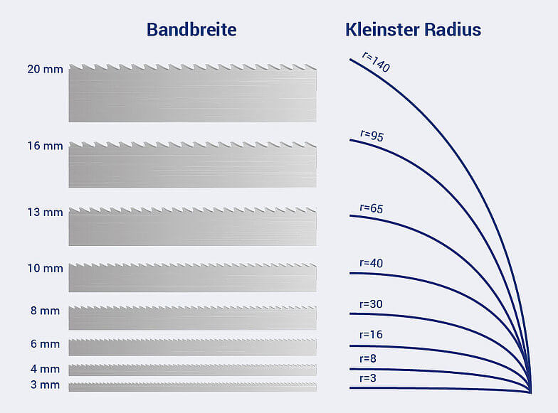 - Bei Konturensägen bestimmt der kleinste zu sägende Radius die Bandbreite.
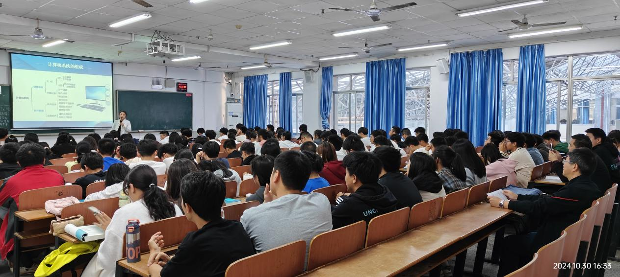 为提升学院教育教学水平,提升人才培养质量,计算机学院以展示标杆、学习标杆为指导思想,组织学院老师参与教学展示活动。在校教务部的大力支持下,2024年10月30日下午,计算机学院标杆课堂展示活动在南华楼216举行,出席本次活动的有学院领导、学院督导组部分成员以及学院观摩教师代表。
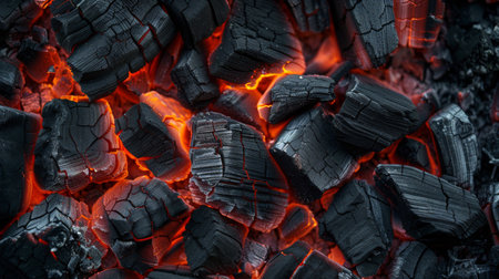 Close up view of smoldering wood embers radiating intense heat, revealing a captivating display of glowing orange cracks and intricate crevices amidst the dark, moody background
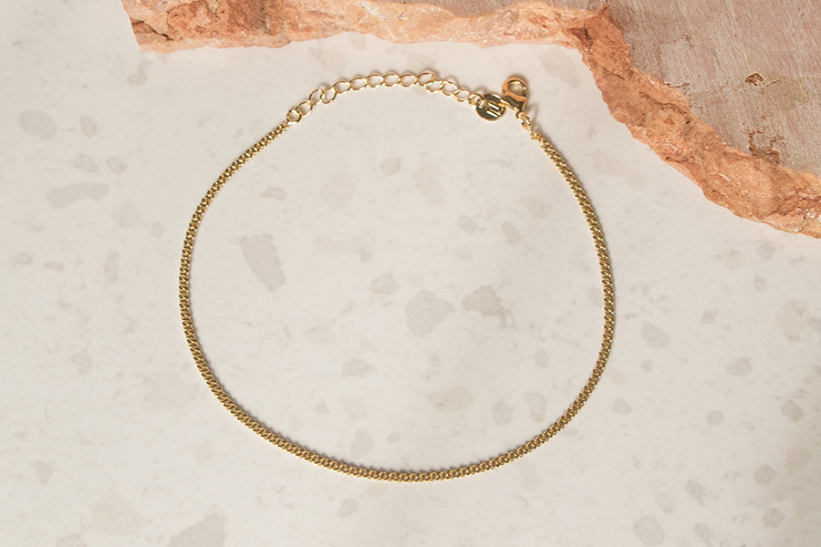 TORNOZELEIRA BANHADA EM OURO, VENEZIANA 1,50mm. 22cm COMPRIMENTO, EXTENSOR 5cm COMPRIMENTO E CORAÇÃO 6,50mm LARGURA
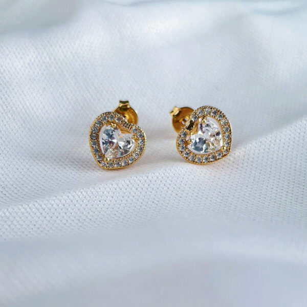 / Brinco Coracaozinho cravejado Zirconia com coração Central de 6mm
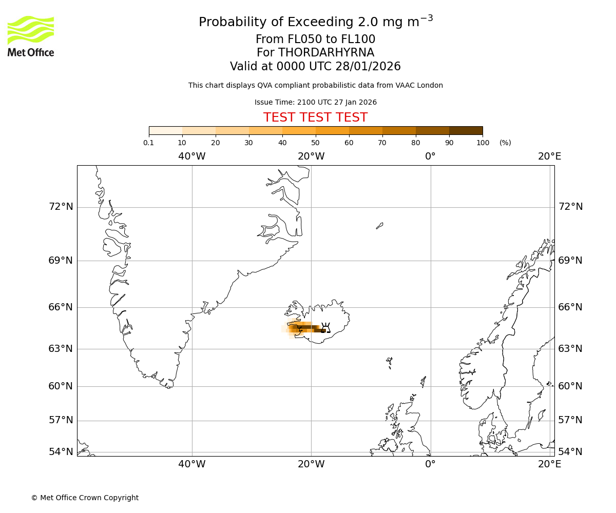 Probability of exceeding 2.0 milligrams per metre cubed. From 000 to 050 for THORDARHYRNA. Valid at 0000 UTC 28/01/2026
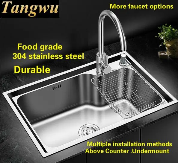 Best . (0% Off) Buy Free Shipping Hot Sell Luxury High Quality Kitchen Single Trough Sink Wash The Dishes 304 Food-grade Stainless Steel 680x450 MM Price Online.
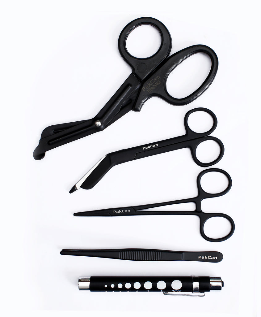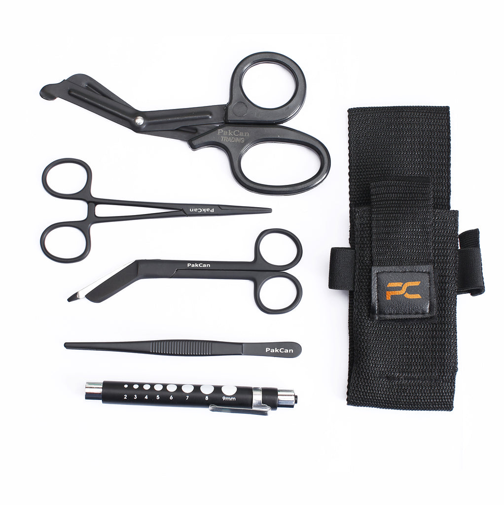- 6-in-1 COMPLETE MULTIPURPOSE KIT: Kit contains Bandage Scissors, EMT Trauma Shears, Hemostat, Pupil Light, and Belt Holster Pouch
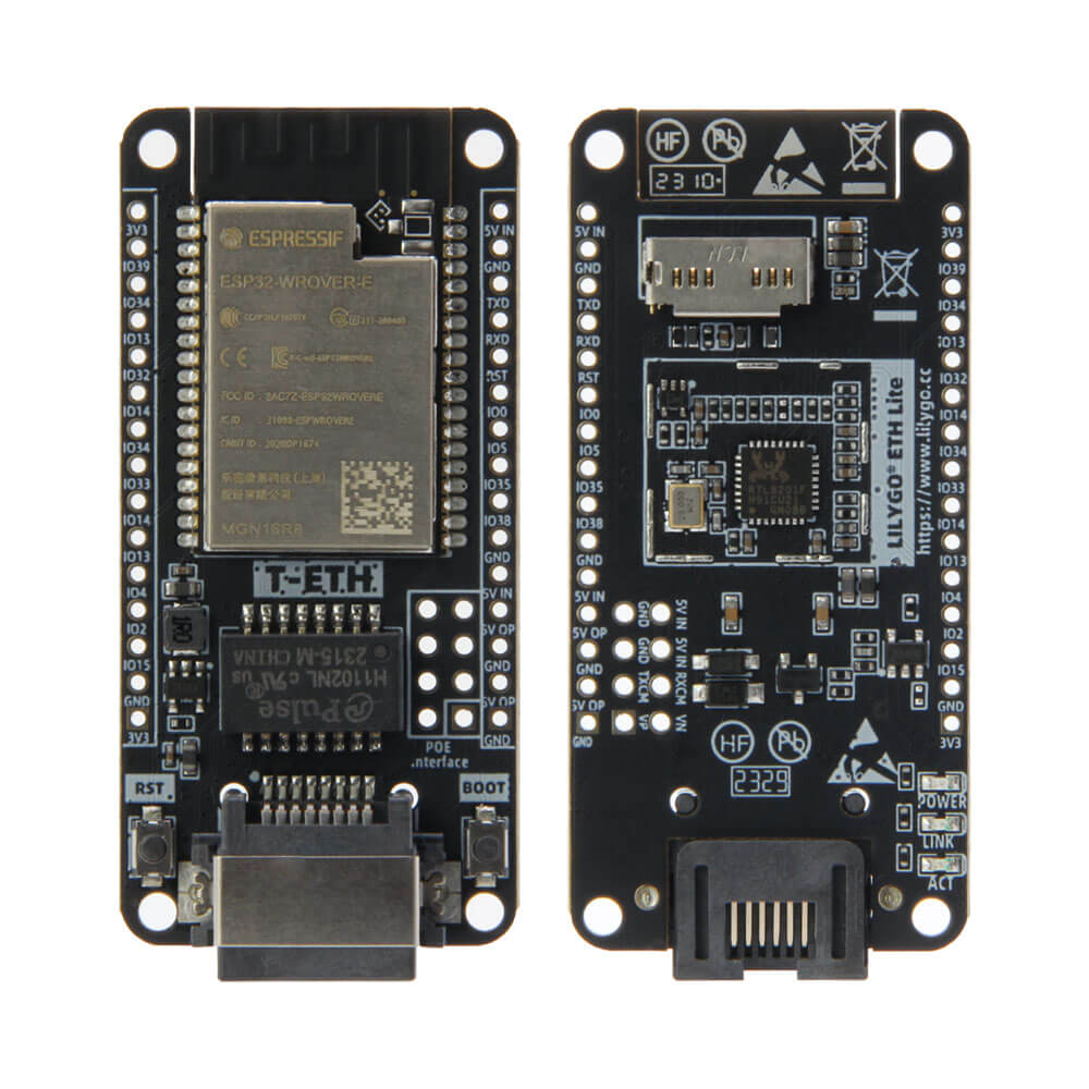 The LILYGO T-ETH Lite is a compact and affordable Ethernet-enabled development board available in two MCU variants. The ESP32 version uses an ESP32-WOVER-E module with an RTL8201 Ethernet controller, while the ESP32-S3 version uses an ESP32-S3-WROOM-1 module with a W5500 Ethernet controller. Both variants include 16MB flash and 8MB PSRAM.
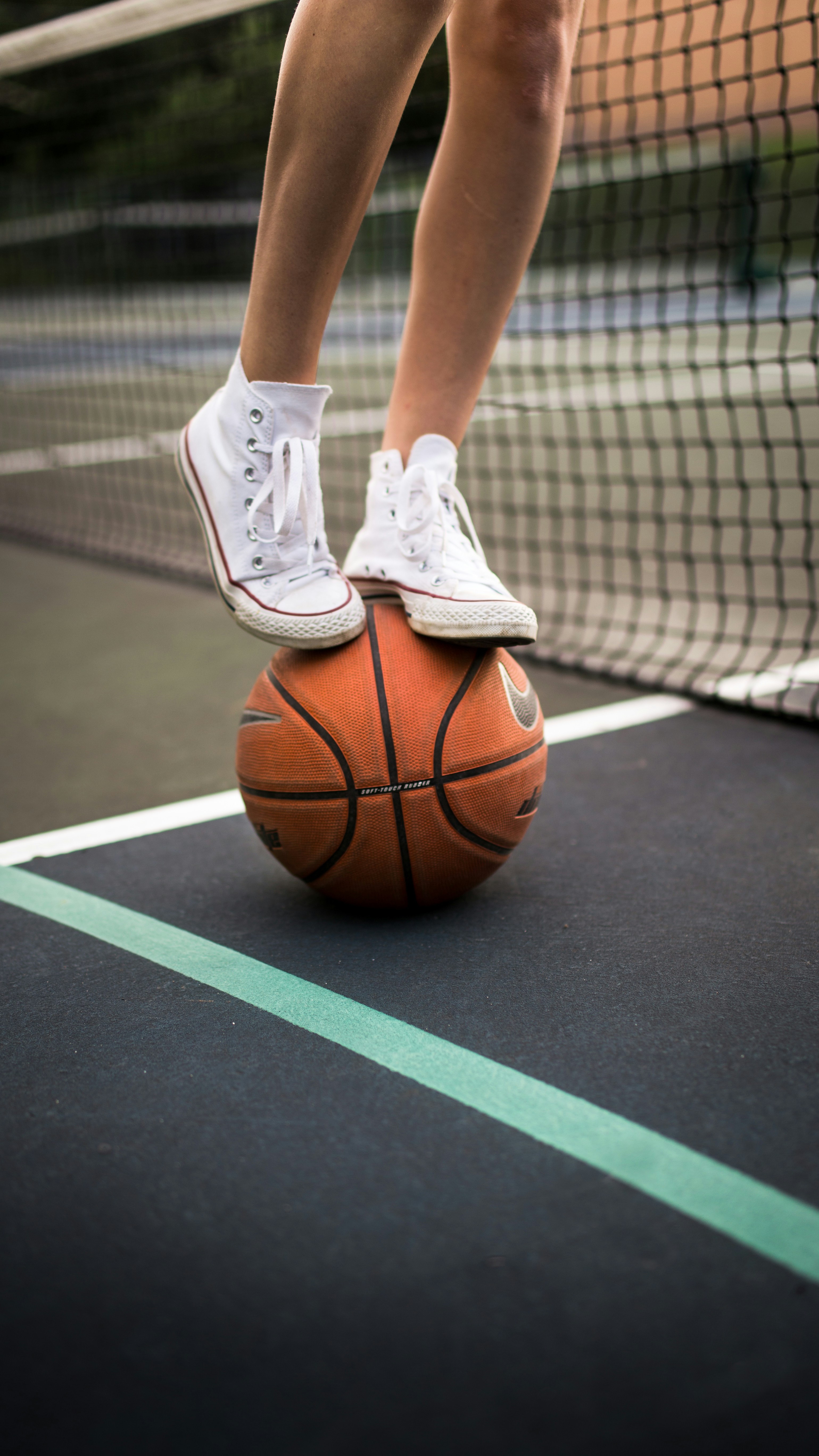 Person In White Nike Athletic Shoes Standing On Basketball Court
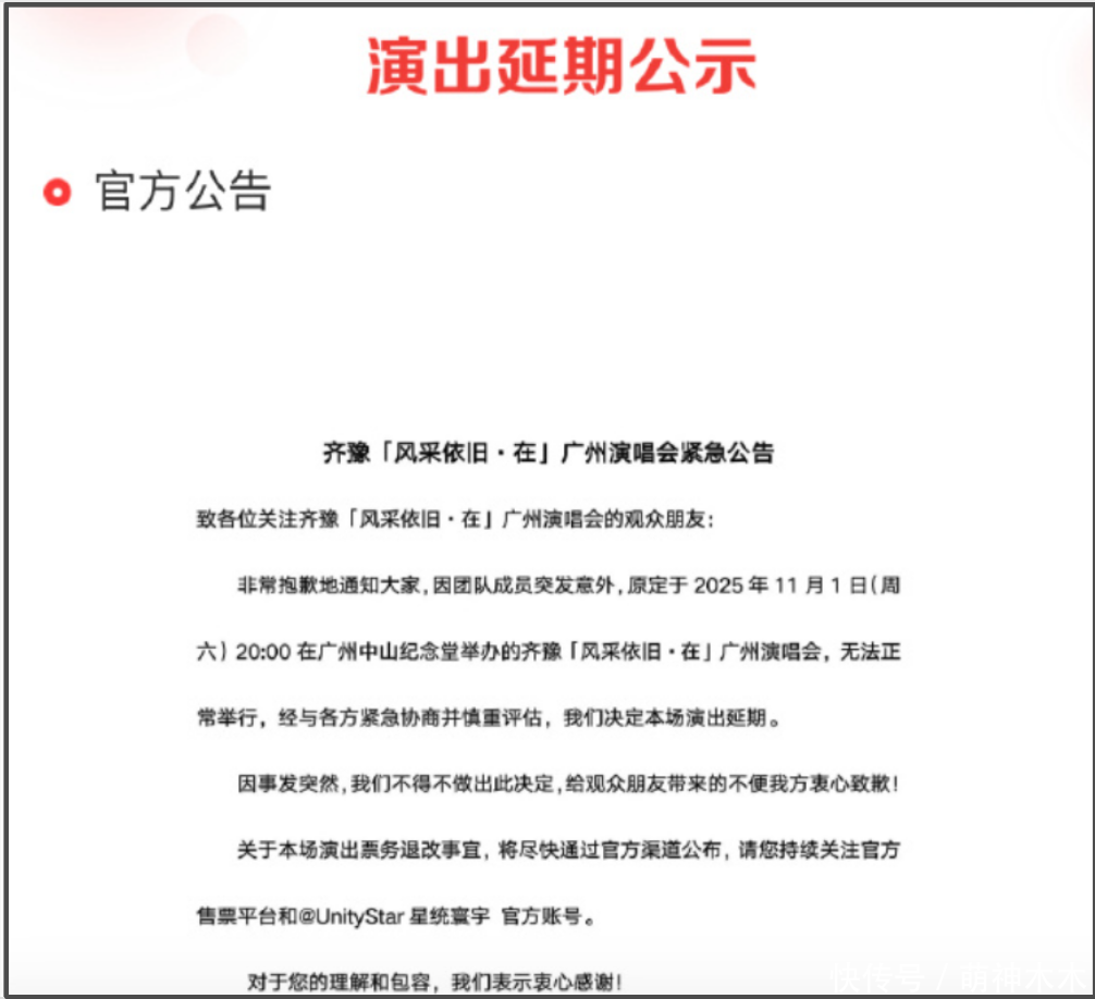 歌手皆豫原定在11月1日在广州举办演唱会,但因团队成员突发恐怕世博体育(中国)官方网站,告示临时取消,激勉了热议,之后有爆料称,皆豫演唱会音乐总监屠颖凄凉离世了。
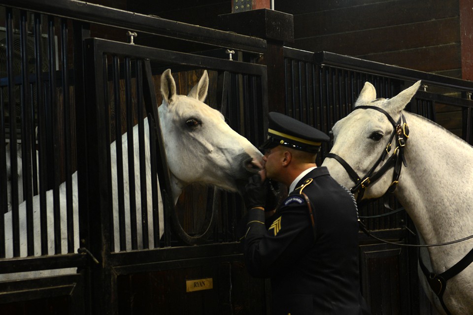 Soldiers say "hello", nuzzle and pet the horses. Some of the animals can be cranky; it's still early and the golden rays of dawn have not yet broken through the dark sky.
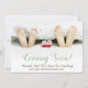 Cute modern photo pregnancy announcement with parents and baby feet under bed covers. You may use this photo or add your own. Simple photo and pale green script type with pale green background on the reverse side of the card. You may click on "customise further " to change font, colour or type size with our design tool.
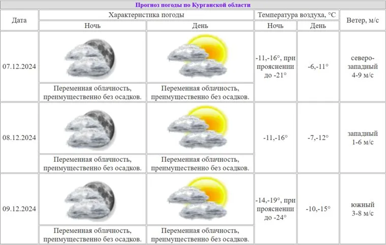 «Прогноз погоды по Курганской области. В субботу, 7 декабря прогнозируется переменная облачность, преимущественно без осадков. Температура воздуха ночью -11,-16 градусов, при прояснении до -21 градус. В понедельник, 9 декабря температура воздуха ночью -14,-19 градусов, при прояснении до -24 градуса», — указано в прогнозе ЦГМС на ближайшие три дня.
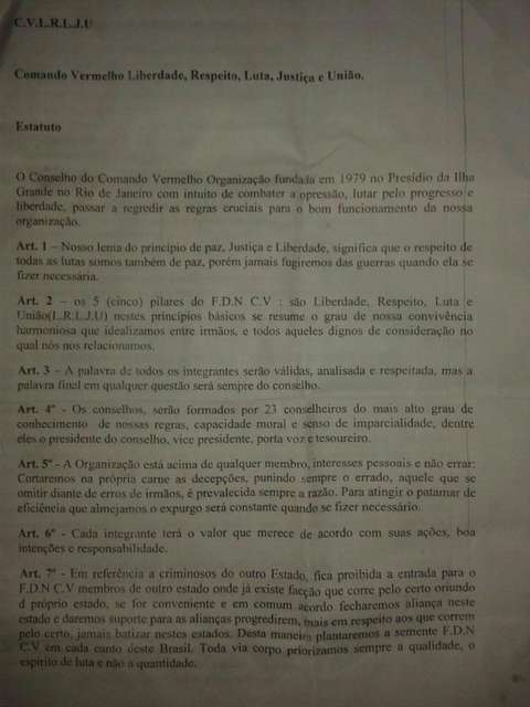 No texto, criado em 1979 dentro do presídio da Ilha Grande, no Rio de Janeiro, o CV esclarece a seus membros que "a facção está acima de qualquer membro ou interesse pessoal" e que os erros serão cortados na própria carne, inclusive com o "expurgo" constante dos integrantes.
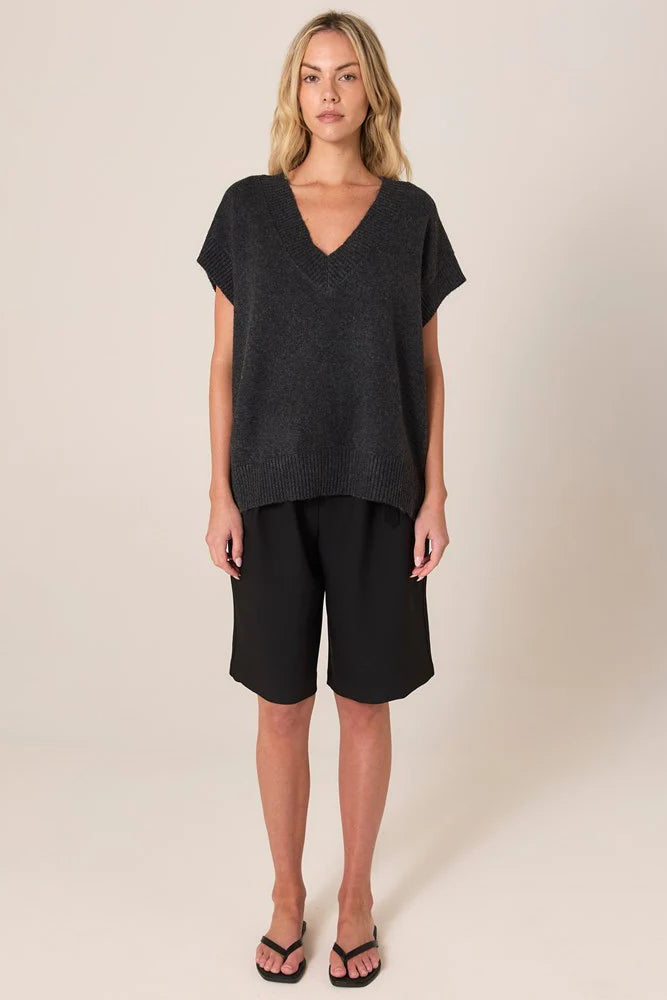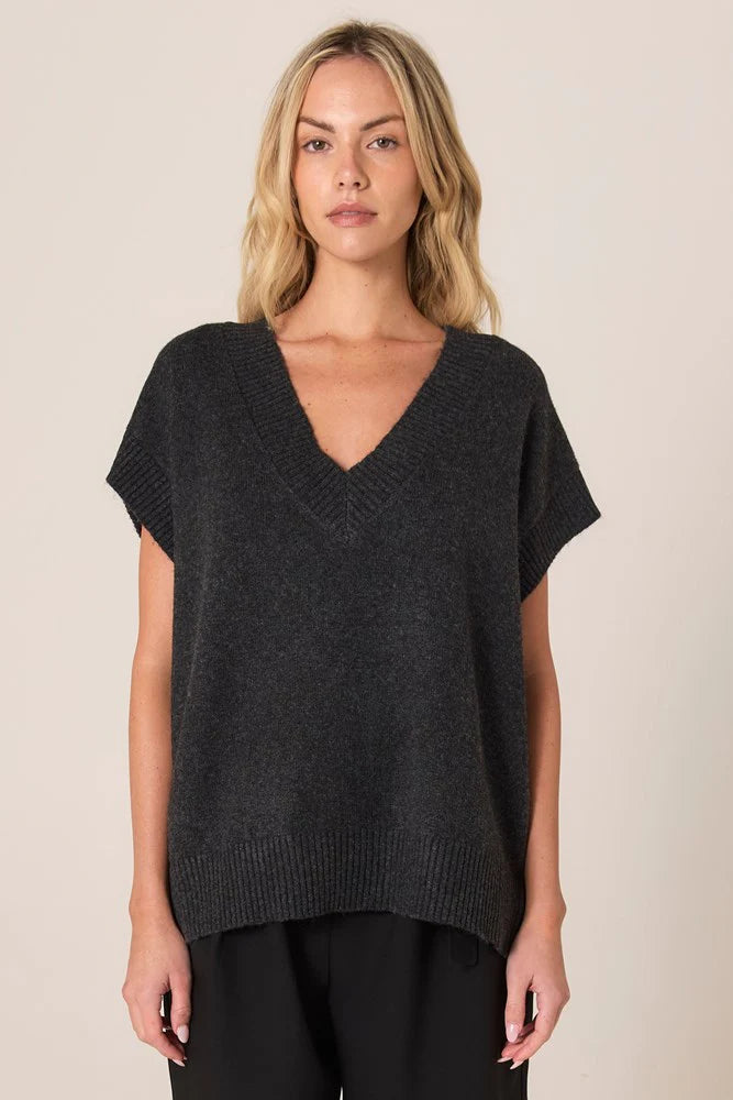 Rae V-Neck Vest - Black Marle
————————
In the data above, find the line containing "Central de 6mm" and the line containing "歌手皆豫原定在11月1日在广". Repeat those two lines and everything between them exactly, minus the pictures.

> _Output_
 / Brinco Coracaozinho cravejado Zirconia com coração Central de 6mm
 Probability of exceeding 2.0 milligrams per metre cubed. From 000 to 050 for THORDARHYRNA. Valid at 0000 UTC 28/01/2026
 Best . (0% Off) Buy Free Shipping Hot Sell Luxury High Quality Kitchen Single Trough Sink Wash The Dishes 304 Food-grade Stainless Steel 680x450 MM Price Online.
- 6-in-1 COMPLETE MULTIPURPOSE KIT: Kit contains Bandage Scissors, EMT Trauma Shears, Hemostat, Pupil Light, and Belt Holster Pouch
 The LILYGO T-ETH Lite is a compact and affordable Ethernet-enabled development board available in two MCU variants. The ESP32 version uses an ESP32-WOVER-E module with an RTL8201 Ethernet controller, while the ESP32-S3 version uses an ESP32-S3-WROOM-1 module with a W5500 Ethernet controller. Both variants include 16MB flash and 8MB PSRAM.
 Person In White Nike Athletic Shoes Standing On Basketball Court
 歌手皆豫原定在11月1日在广州举办演唱会,但因团队成员突发恐怕世博体育(中国)官方网站,告示临时取消,激勉了热议,之后有爆料称,皆豫演唱会音乐总监屠颖凄凉离世了。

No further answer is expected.